Сам он писал теперь Анатолию письма, полные таких слов любви, которые раньше никогда не мог бы заставить себя ни написать, ни произнести вслух. То, что Анатолий лишь два раза ответил ему, Валицкий объяснял тяжелыми фронтовыми условиями, тем, что сыну, наверное, не до писем.
На каком участке фронта находится Анатолий, Федор Васильевич не знал, – в тех двух письмах-треугольниках, на которых стоял штамп «Проверено военной цензурой», никаких упоминаний об этом, естественно, не содержалось.
После беседы с Осьмининым Валицкий наконец решился отослать Марию Антоновну из Ленинграда.
До этого, уговаривая жену уехать, он испытывал подсознательное чувство страха при мысли, что она может согласиться. Он хотел, чтобы Мария Антоновна уехала, и в то же время боялся этого. Боялся потому, что, пожалуй, впервые за их долгую совместную жизнь понял, как трудно, как невыносимо тяжело будет ему остаться одному.
Дело было отнюдь не в привычных удобствах, не в уюте, который создавала жена. Он просто не мог себе представить, как будет жить без Марии Антоновны, зная, что не увидит ее ни сегодня, ни завтра, ни через месяц…

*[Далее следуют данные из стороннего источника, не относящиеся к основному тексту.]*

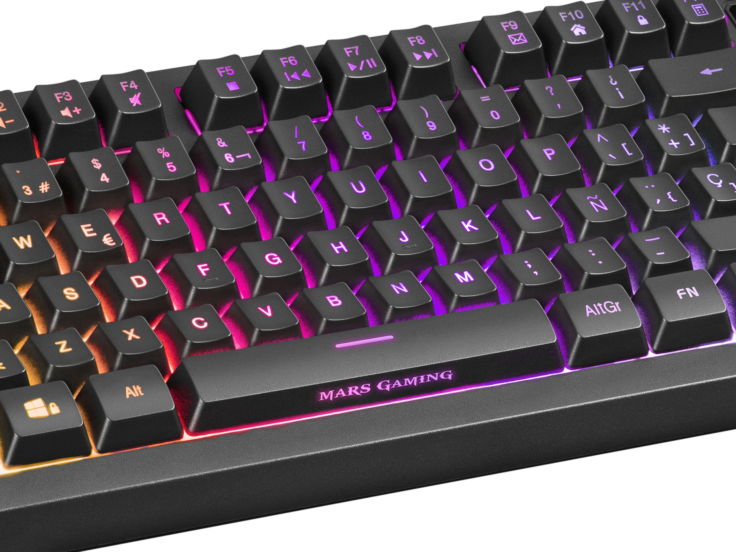 Mars Gaming MKREVOPT. Fattore di forma tastiera: Full-size (100%). Stile tastiera: Dritto. Tecnologia di connessione: Cablato, Interfaccia dispositivo: USB, Interruttore a chiave per tastiera: Interruttore a chiave a membrana. Tipologia di retroilluminazione: LED RGB. Lunghezza cavo: 1,7 m. Utilizzo raccomandato: Giocare. Colore del prodotto: Nero
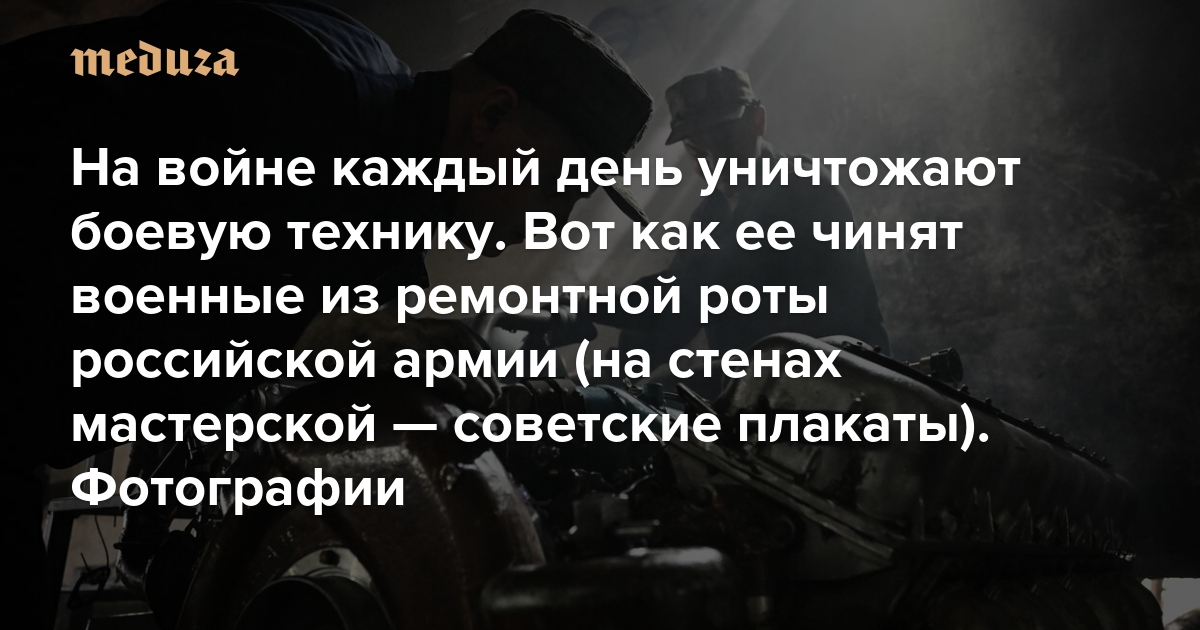 На войне каждый день уничтожают боевую технику. Вот как ее чинят военные из ремонтной роты российской армии (на стенах мастерской — советские плакаты). Фотографии
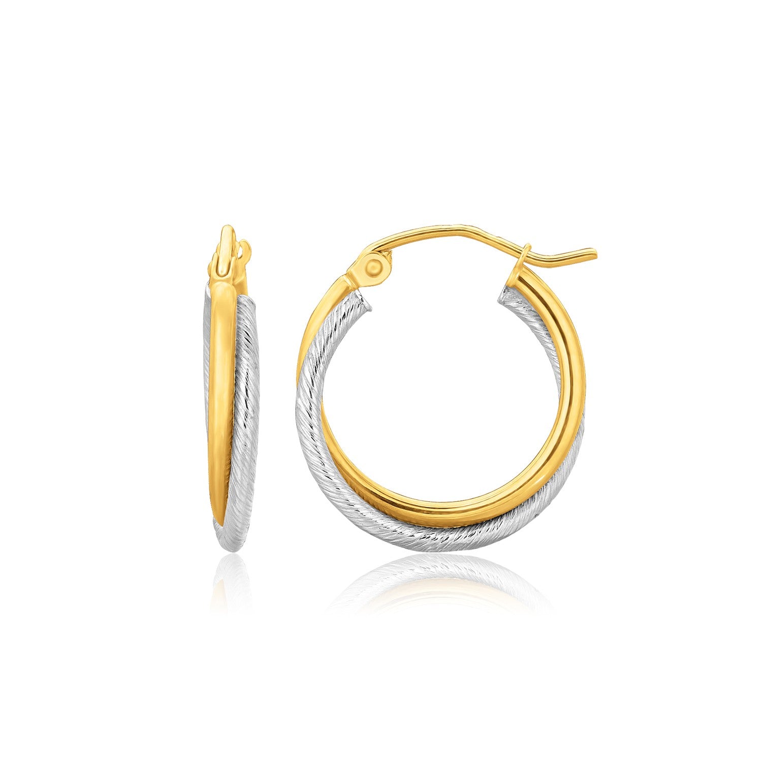 14k Two Tone Gold Double Polished and Textured Hoop Earrings
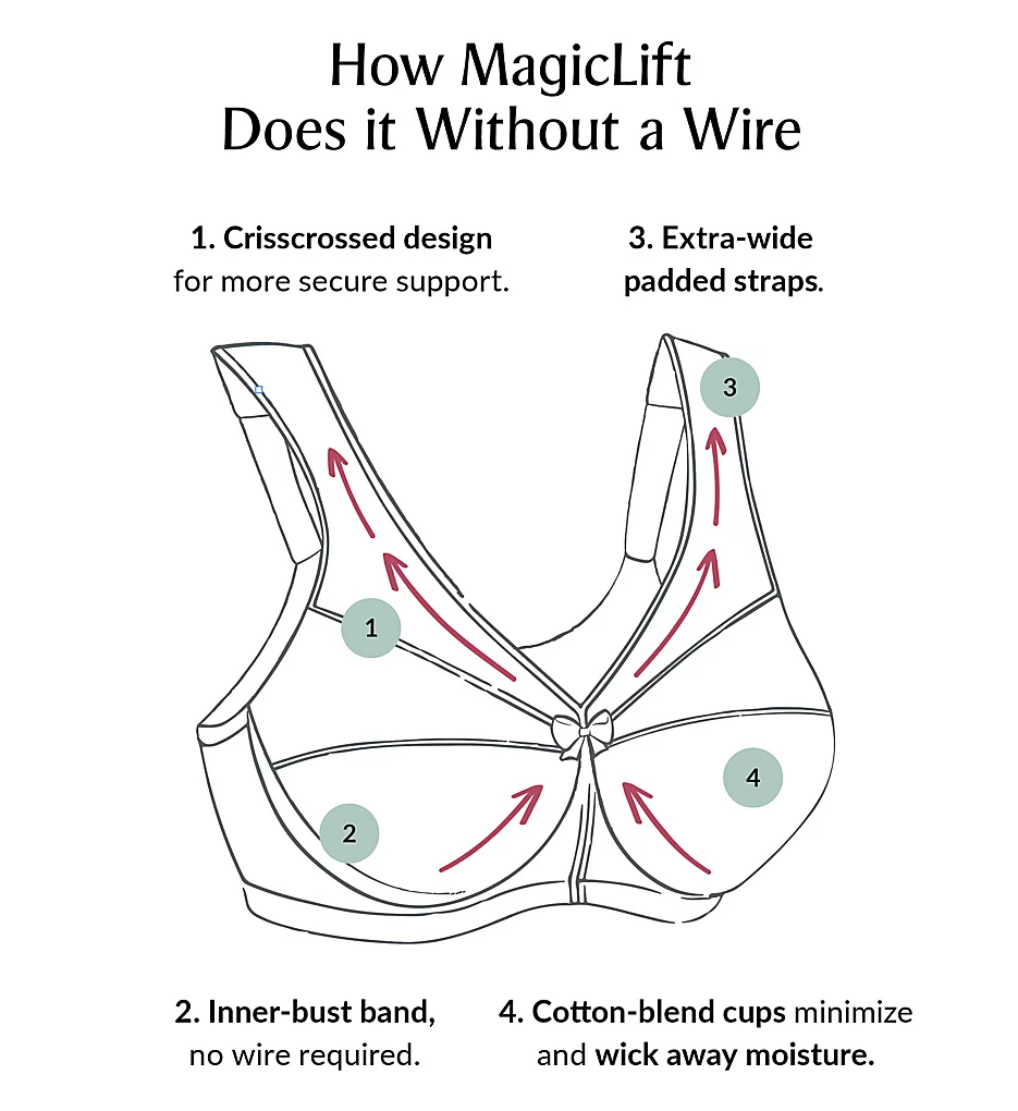 Get a magic lift with this minimizing wireless bra. Features beautiful floral stretch lace along the tops of the cups for an elegant look. Minimizes by one full cup size with comfort and support.
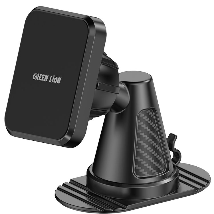 Green Lion Dash Force Magnetic Car Holder, 360° Rotation, One-Hand Operation, Built-in Cable Hook, 3M Adhesive Base - Black
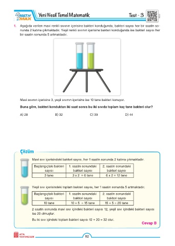 Bu iki sıvı içindeki toplam bakteri sayısı 12 + 20 = 32 olur.
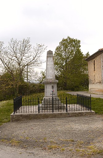 Le monument aux morts, entouré d'une grille en fer de couleur noire avec un portillon à double battants en façade, est constitué d'une semelle en béton de plan carré sur laquelle ont été récemment posées des dalles gravillonnées. Au-dessus, le monument en granit des carrières de Lacrouzette du département du Tarn, est composé d'une marche taillée avec une pente, d'une assise formant socle avec chanfrein, d'une base moulurée, d'un fût avec un léger fruit, d'un chapiteau taillé et d'un obélisque terminé en pointe de diamant. Sur l'obélisque est fixée une plaque de marbre blanc (dimensions : h = 126, la = 50) comportant au-dessous de la dédicace la liste, gravée et peinte en noir, des noms, prénoms et dates du décès de chacun des dix soldats morts en 1914-1918. Une croix en fer de couleur noire est située sur le portillon de la grille de protection. Chaque poteau d'angle, en fer noir, est terminé par un décor végétal.
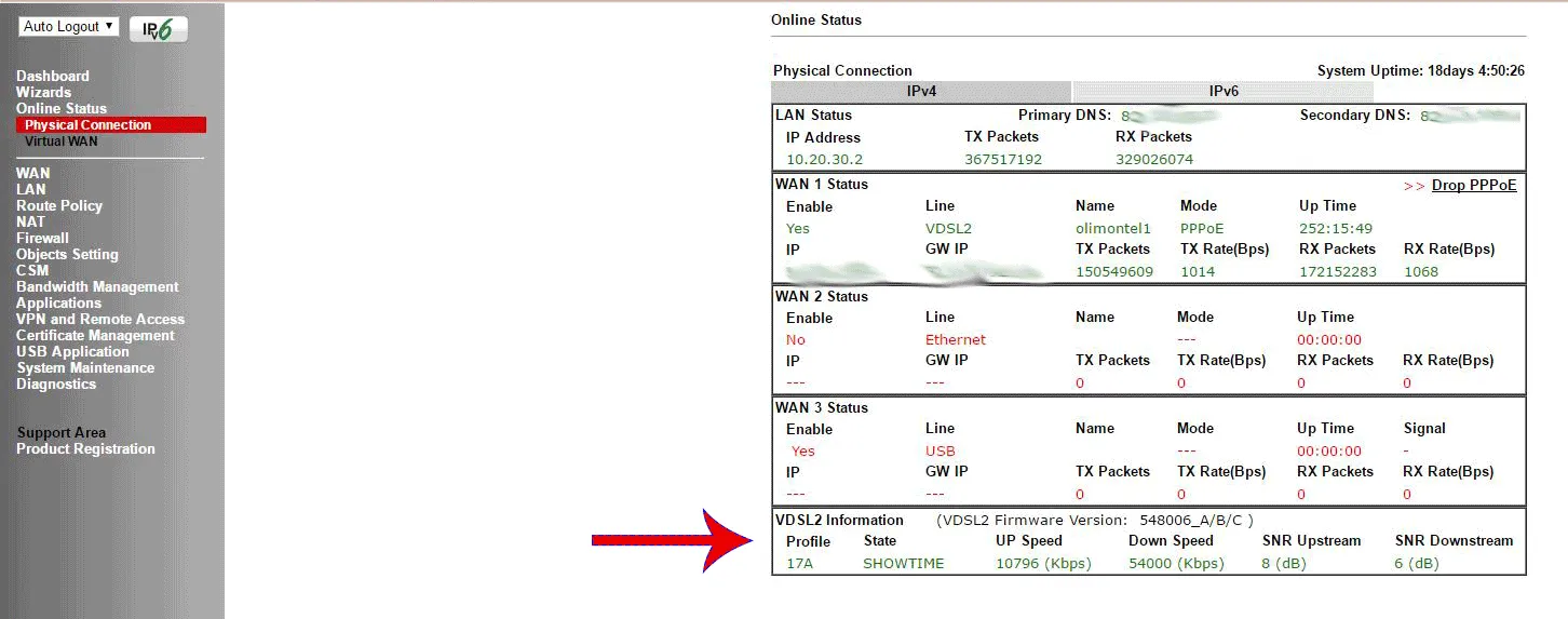 Selezionato il menù Pysical Connection è possibile verificare se il modem ha acquisito indirizzo IP.
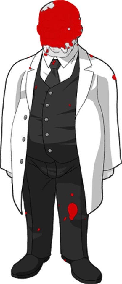 Jessica accuses Eva of being the culprit and they bicker, with Nanjo trying to break them up. He assures that neither person is responsible for any murders and that the witch is the one behind it all. Jessica is then accidentally blinded when Eva's gun discharges, and Nanjo brings her to the servant room to treat her. After putting a bandage around her eyes and calming her down, Nanjo checks in the hallway and is met by EVA-Beatrice, who threatens to kill him. Nanjo pleads for his life and that he has a sick grandchild, but the new witch kills him by ramming her staff into his forehead. EVA plays with the doctor's corpse for a while and then leaves it for Battler and Eva to find when they check the servants room.
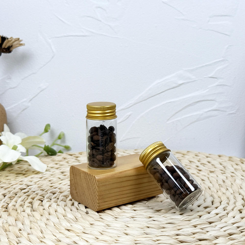 หลอดแก้วใสพร้อมฝาเกลียวอะลูมิเนียมติดฉลากสี
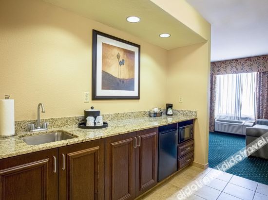Sofa bed, free WiFi, 42-inch LCD HDTV, soft seating, desk, refrigerator, microwave Unwind in this spacious studio suite which features a king-sized clean and fresh Hampton bed®, a convenient sofa bed, comfortable soft seating, and a 42-inch LCD HDTV. Catch up on work at the large desk with ergonomic chair, or surf the web with free WiFi access. Refresh in the bathroom which has a WaterPik showerhead and curved shower rod that allows more light and space in the shower. This room also has a refrigerator and microwave.
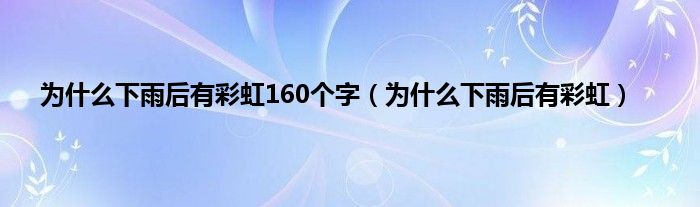 大家好,小科来为大家解答以上问题。为什么下雨后有彩虹160个字,为什么下雨后有彩虹很多人还不知道,现在让我们一起来看看吧!
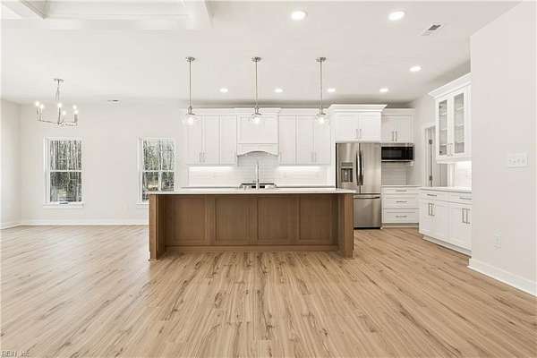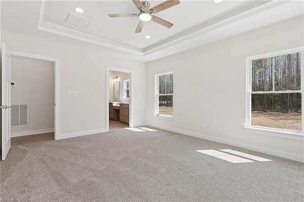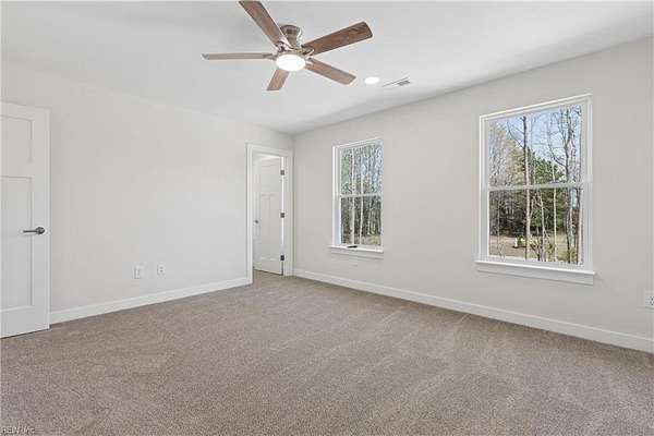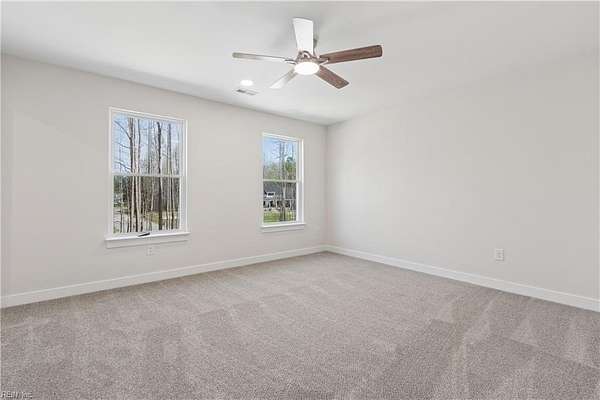 Beautiful completed new construction home with amazing Piankatank River views. At 2,972 sqft of living space, the home offers 4 bedrooms, 2.5 baths on 2.43 acres! This home is built by a reputable Class A builder, with a focus on quality and modern convenience. The home includes features often overlooked by builders: plentiful recessed lighting, coffered ceiling, garage door opener, ceiling fans, a backsplash, and ceiling-height tile showers. The open floor plan features a custom kitchen with a large island, quartz countertops, tile backsplash, and stainless steel appliances overlooking a dining and living room. A spacious primary suite, study, and laundry room round out the first floor. Upstairs you'll find three more bedrooms, a full bath, a loft area and a flex room for an office or playroom. A walk-in attic provides plenty of storage. Enjoy relaxing on the covered porch overlooking the large backyard.
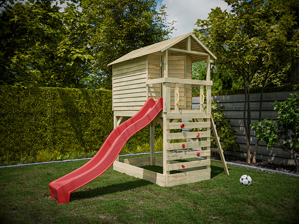 Im Lieferumfang ist eine schräge Leiter für einen sicheren Aufstieg enthalten. Für zusätzlichen Spielspaß ist das Stelzenhaus mit einer Kletterwand und 5 roten Klettersteinen ausgestattet. - Inkl. Rutsche
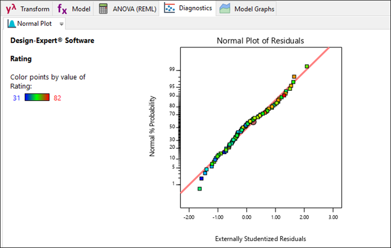 フローティングの Diagnostics ツールから見つけた残差のグラフは、重要で確認する必要があります。しかし、これらについては別のチュートリアルで詳しく説明しています。例えば『多因子における RSM』チュートリアルを参照してください。この場合、診断に問題はなさそうなので “Model Graphs” をクリックして混合(三角)空間における応答を表示します。
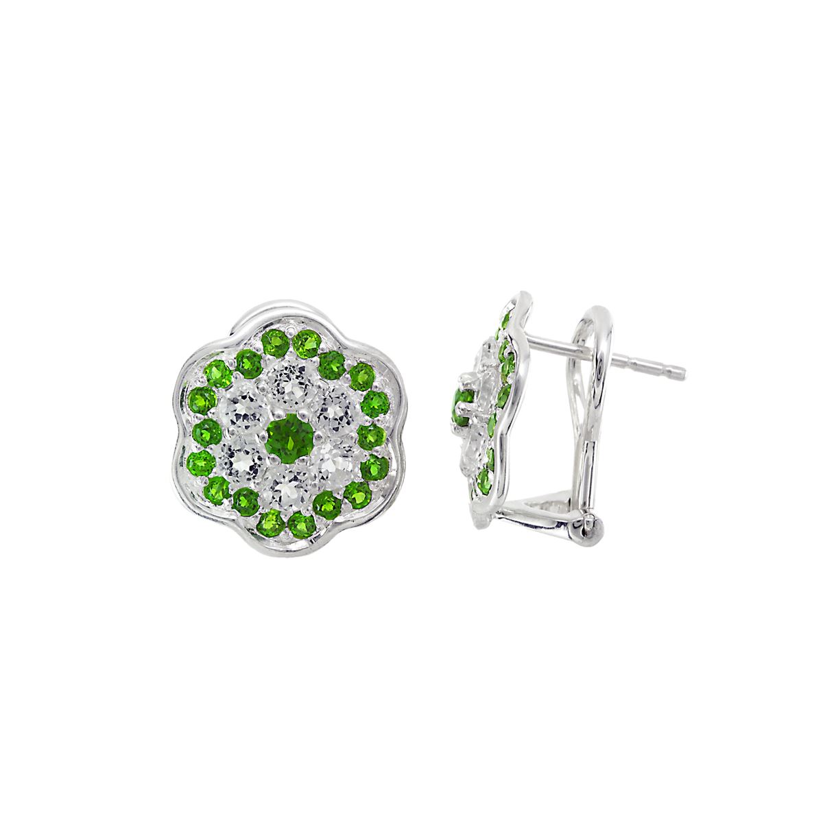 SS CHROME DIOPSIDE / WHITE TOPAZ OMEGA EARRINGS (#7882MUL) TOTAL CT WEIGHT 3.434
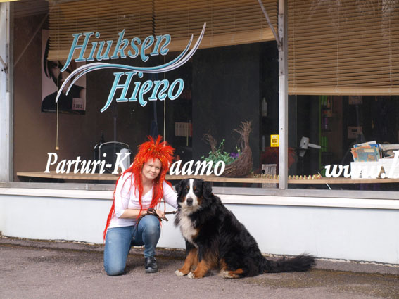 Mun vetämän puuhislenkin kunniaks valtakunnassa verettiin liput salkoon. Oli nääs kansallinen veteraanipäivä. Mää olin lenkkitiarotteessa luvannu, että näytän kaikki reitillä olevat lätäköt, purot ja muut kosteikot. Vauhtia riitti ku Iira, Jeri, Maassa, Simpa, Taiska ja mää (Iida, Jedi, Mascha, Simba, Taiska ja Donna, suom.huom) tutustuttiin Mätäkivenmäen ympäristön vesistöihin. Oli nääs semmonen jenki koossa, ettei kukaan ainakaan vettä pelänny. Urospernitki oli tosi herrasmiähiä, kaikki vastakkaisen sukupualen erustajat sai nääs lenkkeillä ja touhuta täysin rauhassa. Riamukkaan lenkin jälkeen lährettiinki sitten kaikki valmisteleen vapun viattoo. Siitä tässä esimerkkinä iskän hoviparturin ja mun rokkimimmit-kuva. Itte mää noissa oman turkkini siistimisasioissa luatan erelleen Hilkan salonkiin.
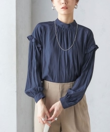 着心地 : パールボタンがポイントのジレです。セレモニーやお仕事はもちろんデニムなどと合わせて、普段使いもしていただけるアイテムです。
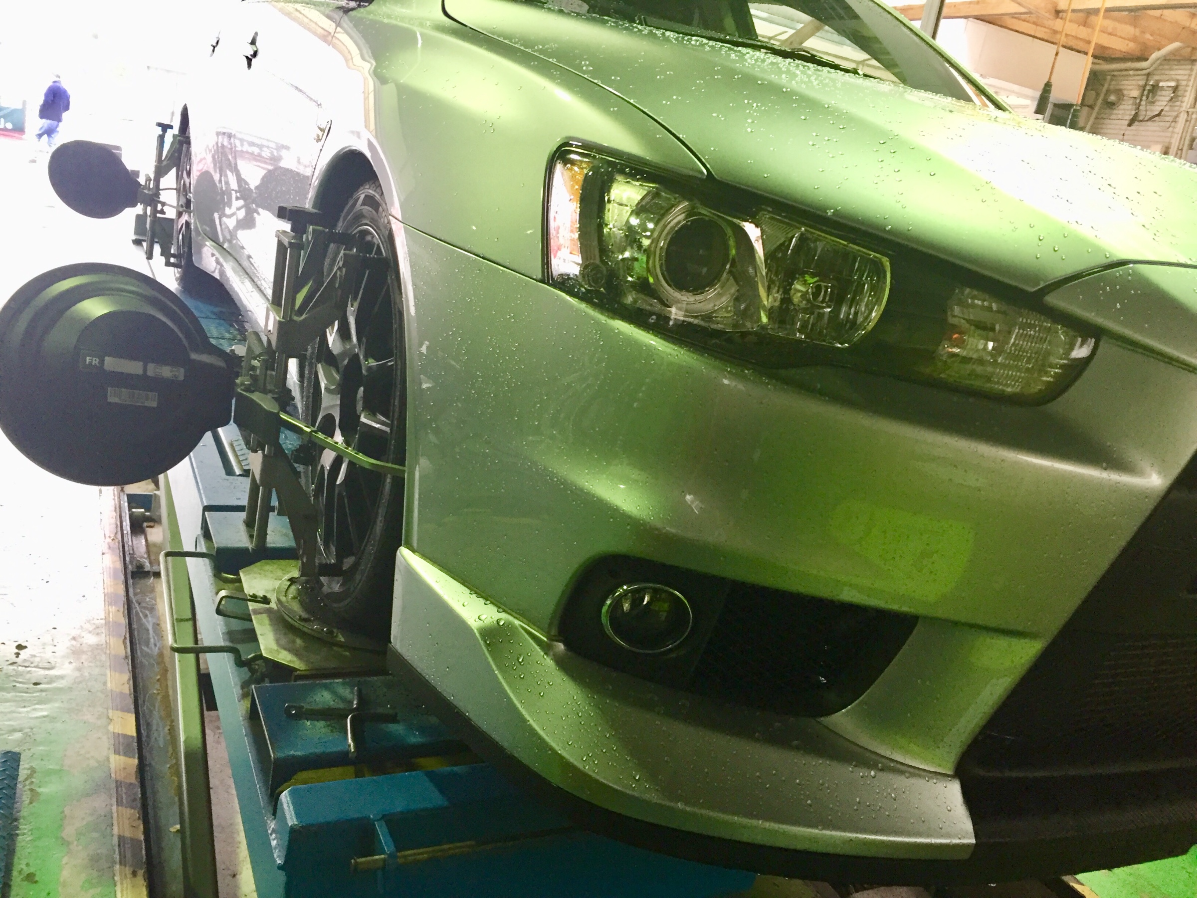 車高調整の足廻りを取り付けされてましたので、キャンバーハの字
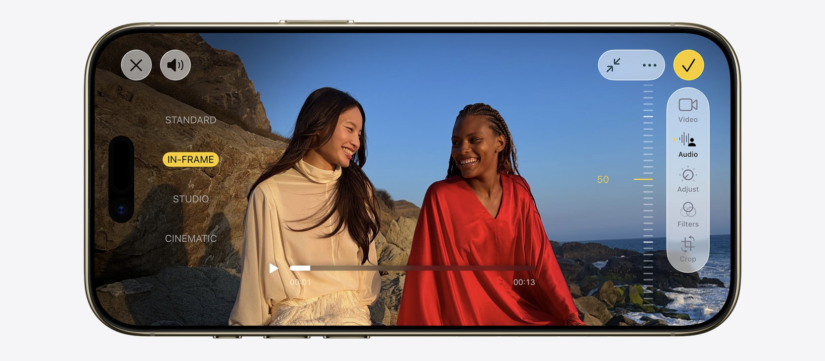Фронтальная камера прямиком из PRO. Теперь она имеет разрешение 18 МП и поддержку Center Stage. Сенсор стал квадратным. Больше не надо поворачивать смартфон, чтобы снимать вертикальные и горизонтальные фото и видео.

Никогда ранее не отдававший себе отчета в том, что, по существу, лишь эгоизм толкает его на те или иные поступки, нынешний Валицкий пристрастно оценивал каждый свой шаг, каждый помысел, стараясь определить, какое же чувство на деле им движет.
И, сознавая, что, разрешив Марии Антоновне остаться, он сделал бы это прежде всего для себя, Валицкий, не говоря ни слова жене, пошел в управление архитектуры, где после возвращения из ополчения продолжал числиться консультантом, и вернулся домой с документом, решившим дальнейшую судьбу его жены.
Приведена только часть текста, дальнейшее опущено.